Afterward, they cut down a set of still new nets to celebrate their title, with coach Matt Stuve and Unertl getting the final celebratory snips.
But the players, for whom this was built, also got their share of this moment, as everyone on the team got a piece of net and then a few shared their thoughts afterward.
“It was the first game here, we were so fired up for this,” said all-state guard Natalie McNeal. “It’s a new era for Germantown sports and it was great to celebrate a title in the first game we played.
“We were really anticipating this, We knew it would take awhile (to build) and we were really anxious for it to open up.
“But then we got the walk-through today and we saw that it was really something. Really very special. We know how lucky we are.”
“We were so excited,” said junior guard Amber Ische, “and the energy was amazing when we got in here. We knew we had to put on a good show for everybody and make everyone proud.”
Stuve, whose team won two WIAA regional games on the court before ending its excellent season in sectional play, was just honored that it was his squad that had the chance to be the first.

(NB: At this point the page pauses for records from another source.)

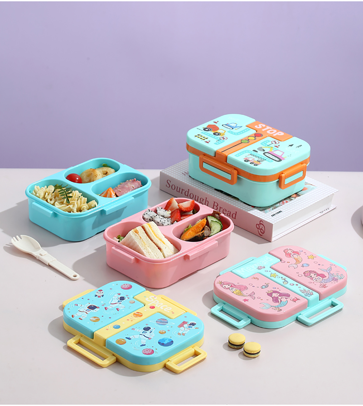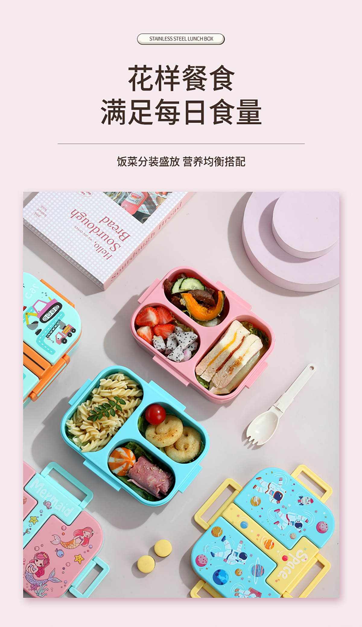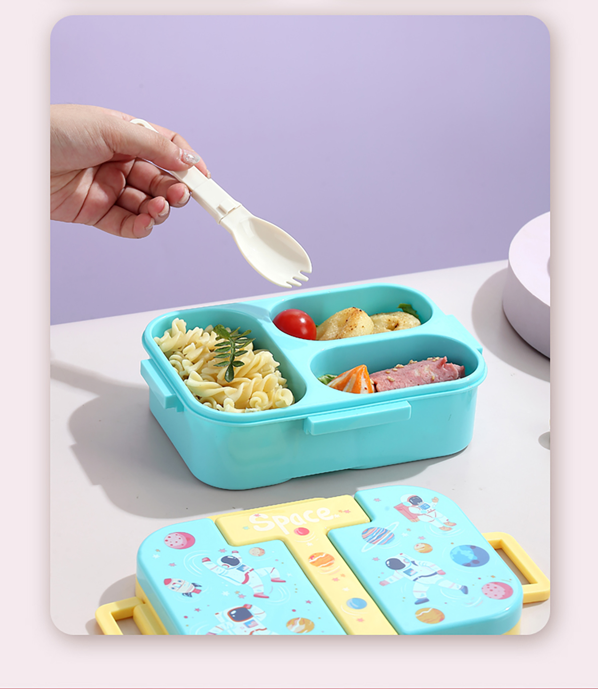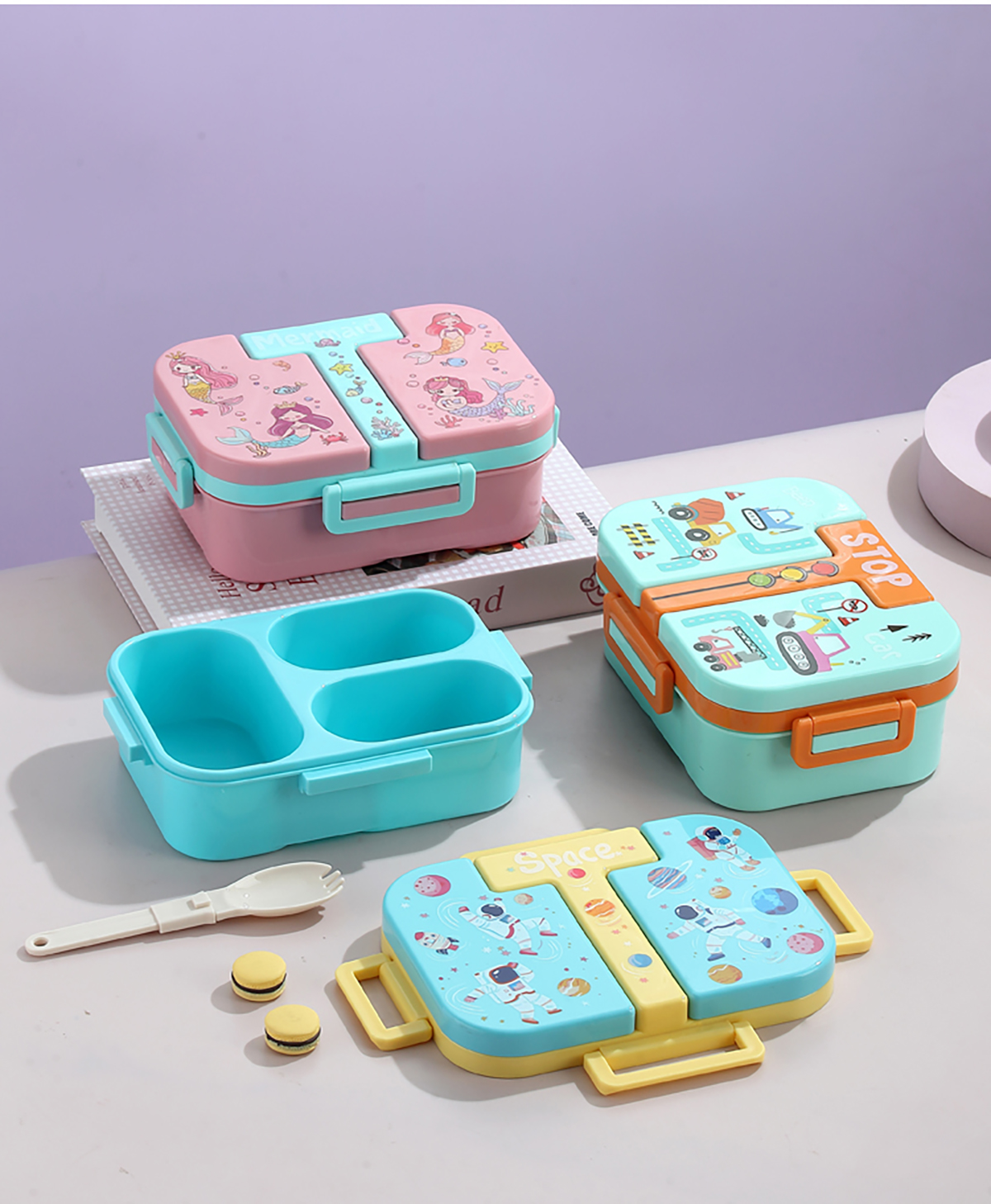 獨立密封童趣塑料餐盒2格900ml/3格850ml  (配PP折疊湯勺)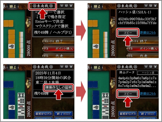 手順(1)で記録したハッシュ値と一致していれば、牌山データは局の開始時と終了後で変わっておらず、牌操作はないことが証明されます。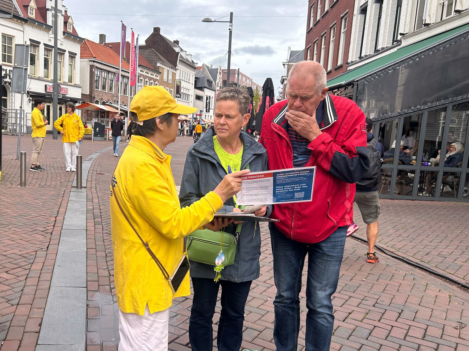 مادری بههمراه پسرش ابتدا با عجله از کنار غرفه فالون دافا میگذشتند که بنر مربوط به برداشت اعضای بدن تمرینکنندگان زنده فالون دافا بهدست ح.ک.چ را دیدند. آنها توقف و دادخواست را امضا کردند و گفتند میخواهند از تلاشهای تمرینکنندگان برای پایان دادن به این آزار و شکنجه حمایت کنند. پسر گفت: «این خیلی غمانگیز است. نمیدانم چه بگویم.» مادر افزود: «اتفاقات بد زیادی در چین رخ میدهد. ما راهی برای کسب اطلاعات بیشتر نداریم، زیرا رسانهها این موضوع را گزارش نمیکنند و چین کشوری بسته است که اجازه ارتباط با دنیای بیرون را نمیدهد.»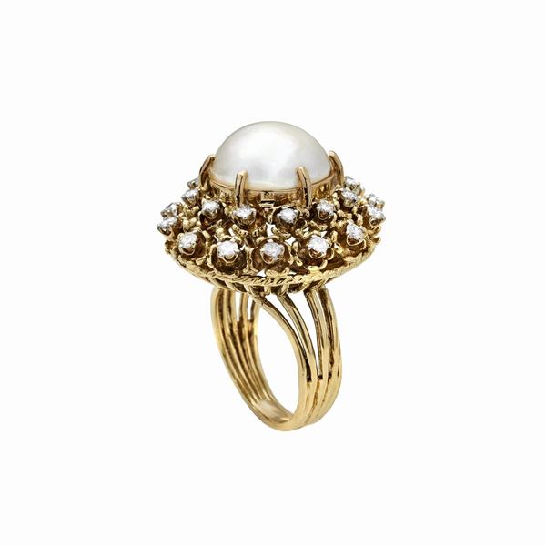 MATERIAL: yellow gold 18 kt, diamonds and mabè pearl DESCRIPTION: ring made with a huge central mabè pearl, framed by two lines of diamonds, put on signets made as flowers, bears the marck 18 kt MEASURE: 7 WEIGHT: diamonds ct 1.30, gr 19.9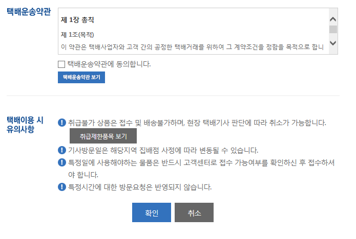 - 택배 운송 약관 동의에 체크하고 택배이용시 유의사항을 꼼꼼하게 읽어준 후, 확인을 눌러 한진택배 인터넷 접수를 마무리합니다.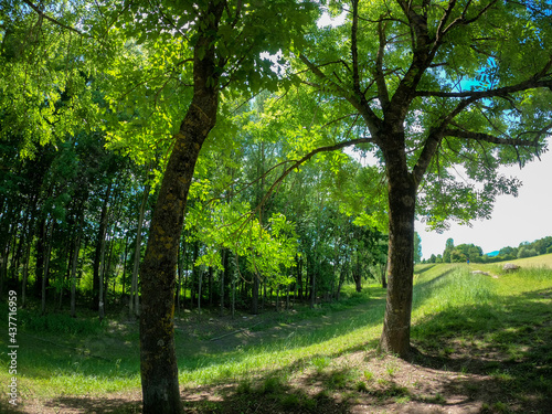 © helfei, Fototapeta premium Super wide angle shots with action cam of forest and meadow in spring in daylight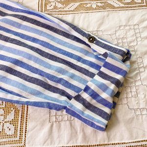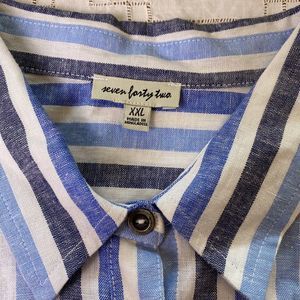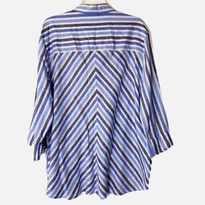 Linen Blend Tunic Top By Seven Forty Two Size XXL Button Up Stripe 3/4 sleeve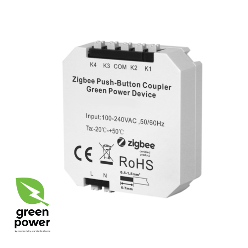 - Совместимо с универсальными Zigbee-шлюзами, поддерживающими работу с устройствами Green Power.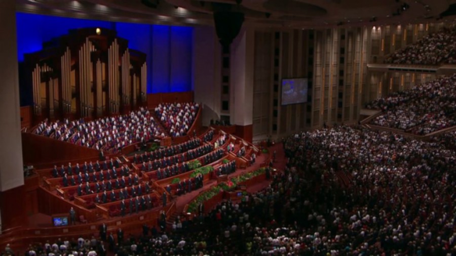 The choir and congregation sing “Praise to the Man.”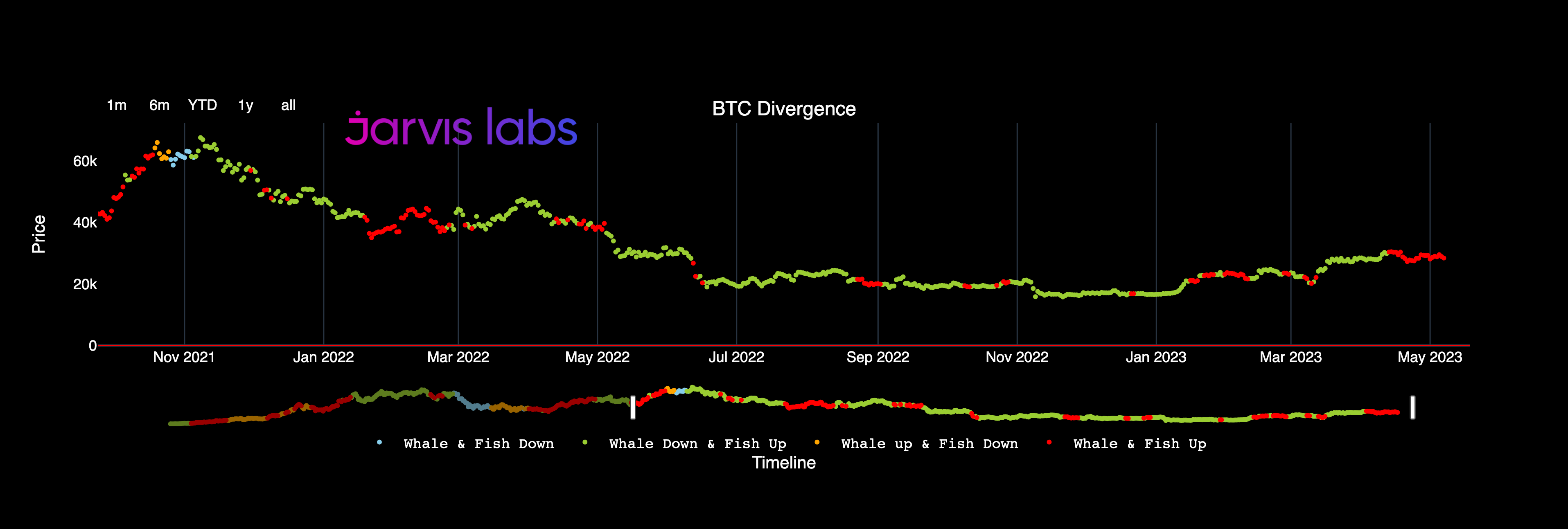 The chart below shows both whale and fish buying. When looking for whale interest, we want to see red or orange dots, and right now, we have lots of red dots forming.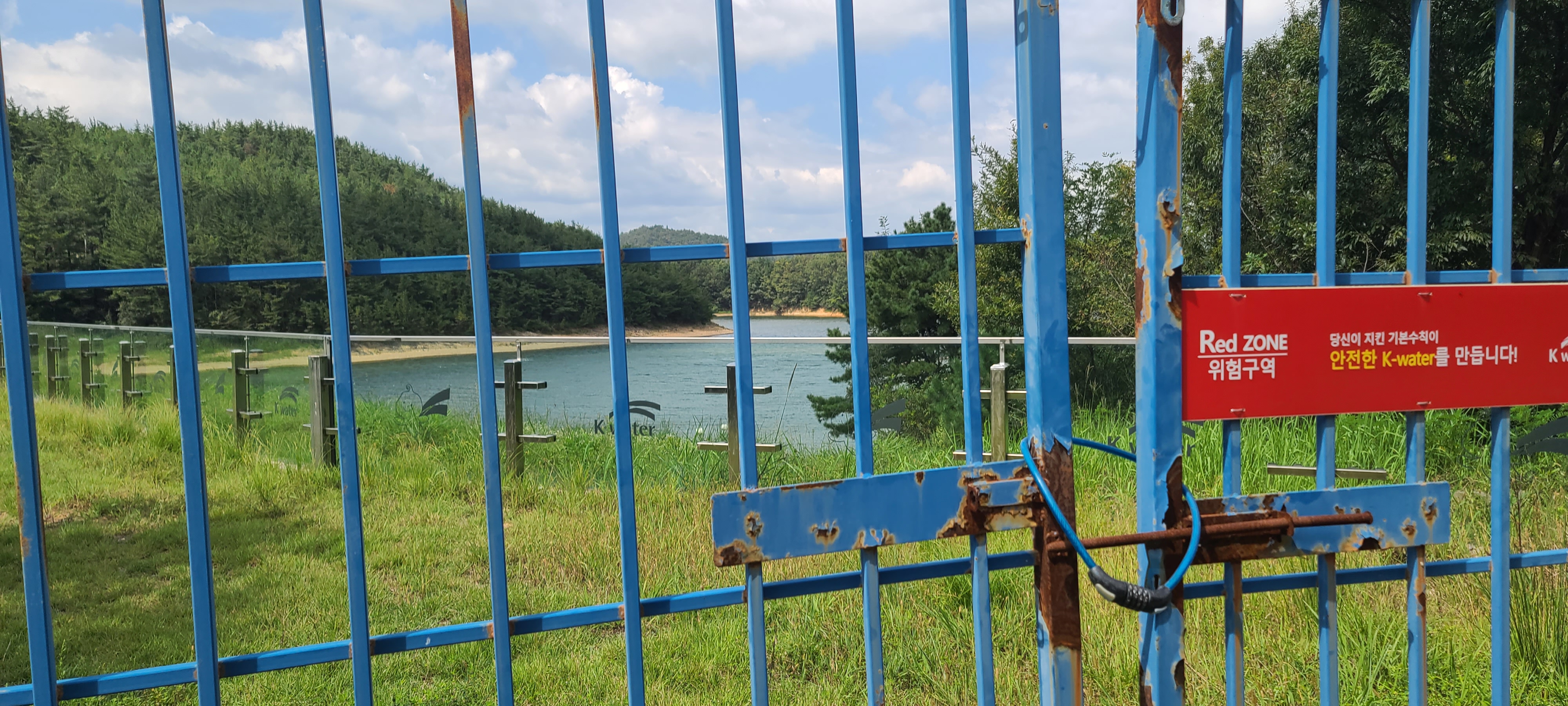 K-Water 위험구역 표지판도 보이고 안계저수지 일부도 ...
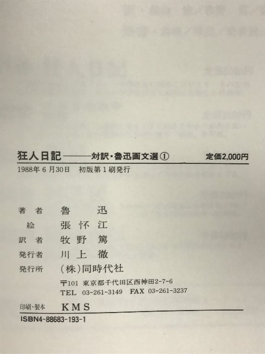 タイトル:対訳/魯迅画文選集 (1) 狂人日記 訳:牧野篤 監修:横山宏
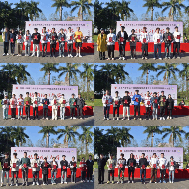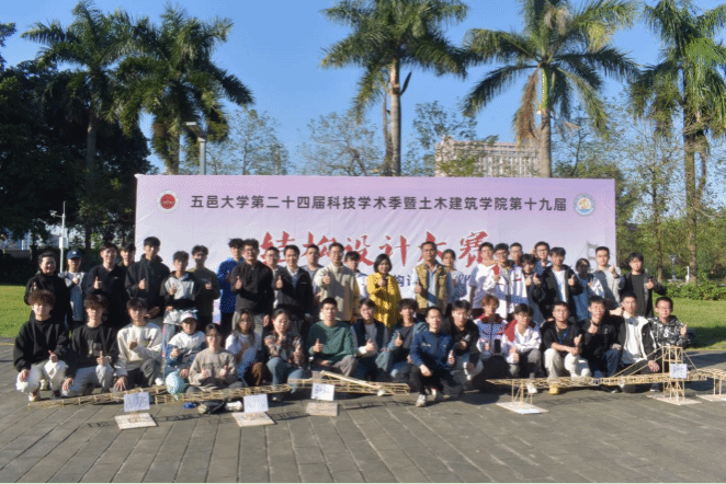 為繁榮校園團(tuán)隊(duì)協(xié)作、自信自強(qiáng)、踔厲奮發(fā)的學(xué)術(shù)科技文化,培養(yǎng)大學(xué)生的工程結(jié)構(gòu)創(chuàng)新設(shè)計(jì)與動(dòng)手實(shí)踐能力,強(qiáng)化現(xiàn)代化建設(shè)人才支撐的守正創(chuàng)新精神,2024年11月30日,由共青團(tuán)五邑大學(xué)委員會(huì)、五邑大學(xué)學(xué)生會(huì)主辦,土木建筑學(xué)院學(xué)生會(huì)、五邑大學(xué)結(jié)構(gòu)設(shè)計(jì)協(xié)會(huì)承辦的五邑大學(xué)第二十四屆科技學(xué)術(shù)季暨土木建筑學(xué)院第十九屆結(jié)構(gòu)設(shè)計(jì)大賽在學(xué)生綜合服務(wù)中心一樓廣場(chǎng)成功舉行。土木建筑學(xué)院黨委書(shū)記許皓、院長(zhǎng)曾暉、副院長(zhǎng)張萬(wàn)勝、副院長(zhǎng)王敏容以及各系主任、班導(dǎo)師、輔導(dǎo)員出席本次活動(dòng)。本次大賽的評(píng)委老師有:陳孔亮、王小蔚、盧盛燦、張炯、涂崇志、張恒。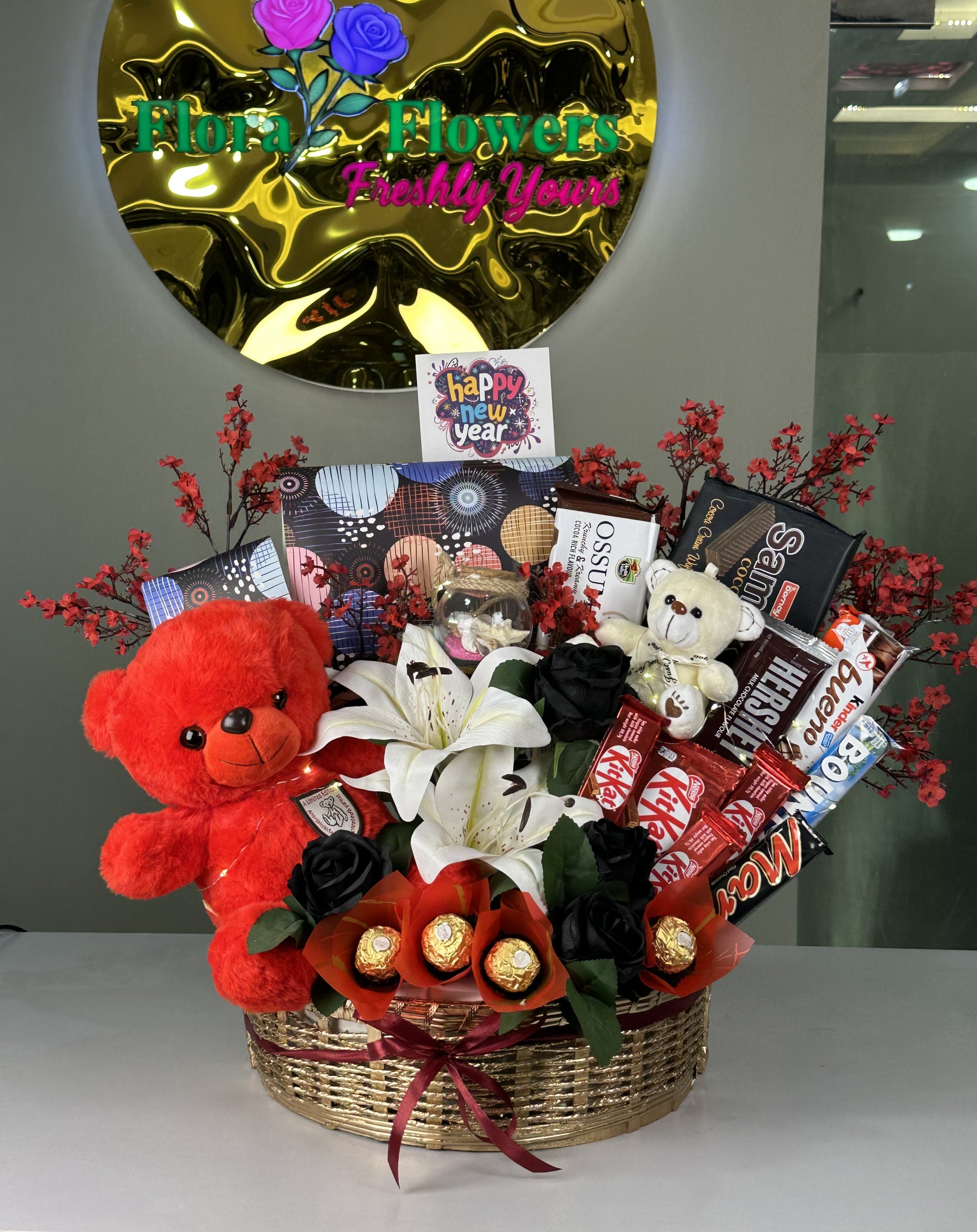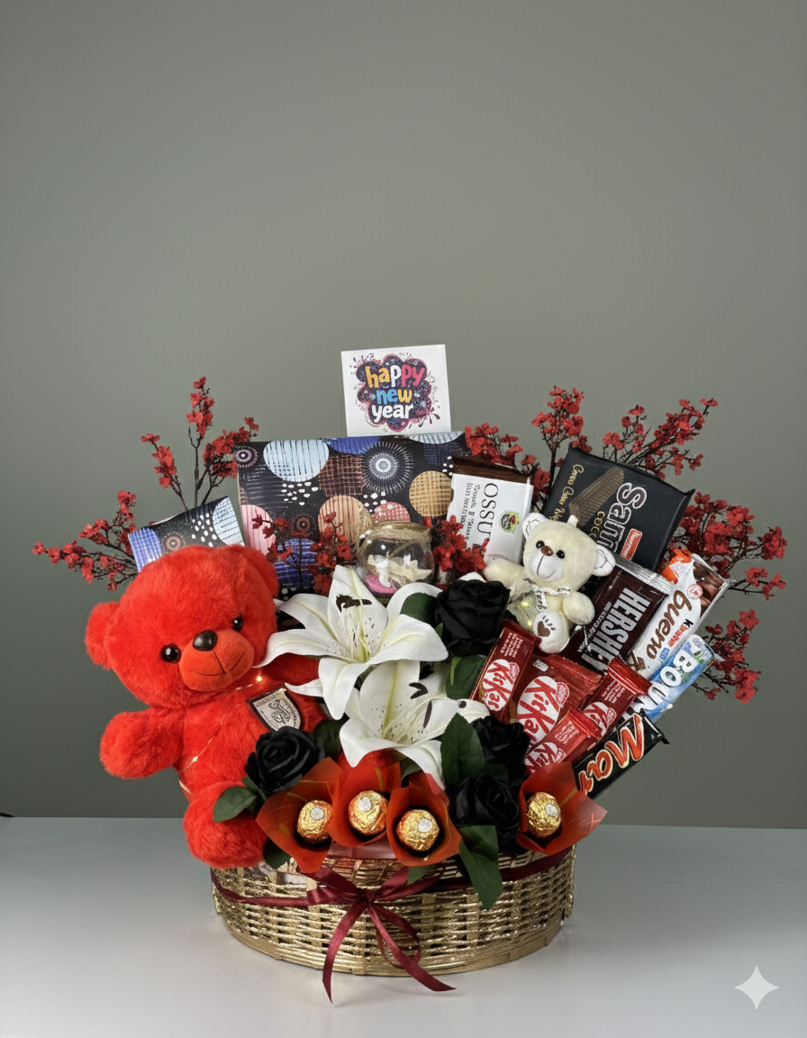 Send luxury gift baskets to your Loved One's & Pakistan with our Elegant Cheer, a beautifully curated festive hamper featuring refined florals, premium chocolates, and charming keepsakes — perfect for celebrating special moments with style and warmth.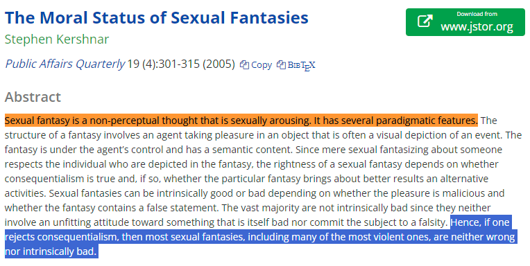 He's willing to argue that sexual fantasies—non-perceptual thoughts that are sexually arousing—aren't immoral, unless you're a consequentialist. https://t.co/JorMpPA6A0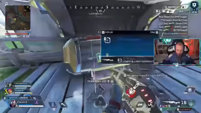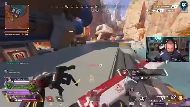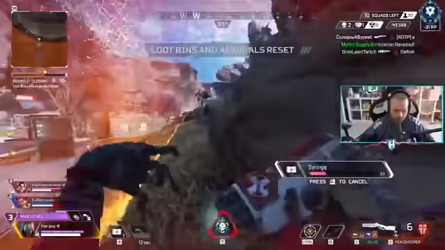 09:12:18Es wird festgestellt, dass man zwar im Plus ist, aber noch weit von Master entfernt. Es wird ironisch angemerkt, dass die Zuschauer nicht fest genug an einen glauben. Es wird über ein Sabotageangebot von Mango (10 Subs für einen Sprung von der Map) diskutiert und abgelehnt. Es wird über den schlechten Loot-Ort und die ungleiche Verteilung der Gebäude geklagt. Es wird festgestellt, dass man bereits in Pred-Lobbys spielt und teilweise gegen Pred-Teams antritt. Es wird erwähnt, dass man keine Shotgun mehr spielen wird. Es wird über gute Loot-Funde und das Brechen eines Gegners gesprochen. Es wird über einen Teamkollegen geklagt, der einen Kill stiehlt und einen dafür anschreit. Es wird über rote Symbole und eine schlechte Verbindung geklagt. Es wird über einen unkooperativen Teamkollegen (Wraith) geklagt, der alleine in ein Dreierteam läuft und stirbt. Es wird ironisch angemerkt, dass der Teamkollege das Spiel selbst gewinnen kann und kein Team braucht. Es wird über eine neue Map (Stormpoint) und neues Glück gesprochen. Es wird über einen Teamerfolg mit einem HP diskutiert. Es wird über eine nervige Lobby und die Spielweise der Gegner (Gibi, Newcastle, Caustic) gelästert. Es wird überlegt, ob man die Runde gewinnen könnte, wenn der Sparrow nicht da wäre. Es wird über Pech und fehlendes Glück geklagt. Es wird festgestellt, dass der Battle Pass fast durch ist.

“A pretty nice way to break the new building in wouldn’t you say?” he said with a smile. “So many people made this happen. Event staff, the administration, the coaches and the kids. A lot of work had to be done in the last few days to make this happen.
“I wanted the kids to pay attention to detail. I wanted them to be sharp, but I told them to remember this, because it’s a pretty awesome moment. Have some fun with it.”
Members of the boys staff, old and new, were also on hand, to see this moment through.
Kloth couldn’t stop smiling all day.
“This is pretty nice,” he said. “I’m just as proud as can be. This is doing so much for all the schools in the district and that will be great for everyone.”
All sports will benefit from the new facilities, said Kloth. The basketball courts at the elementary schools are also getting an upgrade and the fieldhouse will be a great help for the youth hoop programs as up to six teams can practice at a time.
The plan, said Unertl, is to have as many people in the building as possible as soon as possible to see what their tax dollars purchased.
“People are coming in everyday and they have been very complimentary,” said Unertl. “We all want to put this great building to use. You look around and the feel is all so very positive, that this was done right. It’s very neat, very special.”
Third-year boys coach Steve Martin was there for the girls basketball game on that opening day of Feb. 16 with his kids. He was eager for the opportunity to use the new court and his team would win its inaugural game in the fieldhouse with a stunning upset of eventual WIAA state D1 champion Brookfield Central on Feb. 21.
He was appreciative for all the work that was done to make this possible and especially to the people who financially made it possible.
“This is terrific,” Martin said. “Our guys got about a half-hour shoot-around (before the girls game) and they had so much fun. It’s great to have a new home. We were glad for our old one, because there are so many great memories there.
“But this is such an amazing facility. We’re just so grateful to the school board and the school district and especially the taxpayers for getting this all done.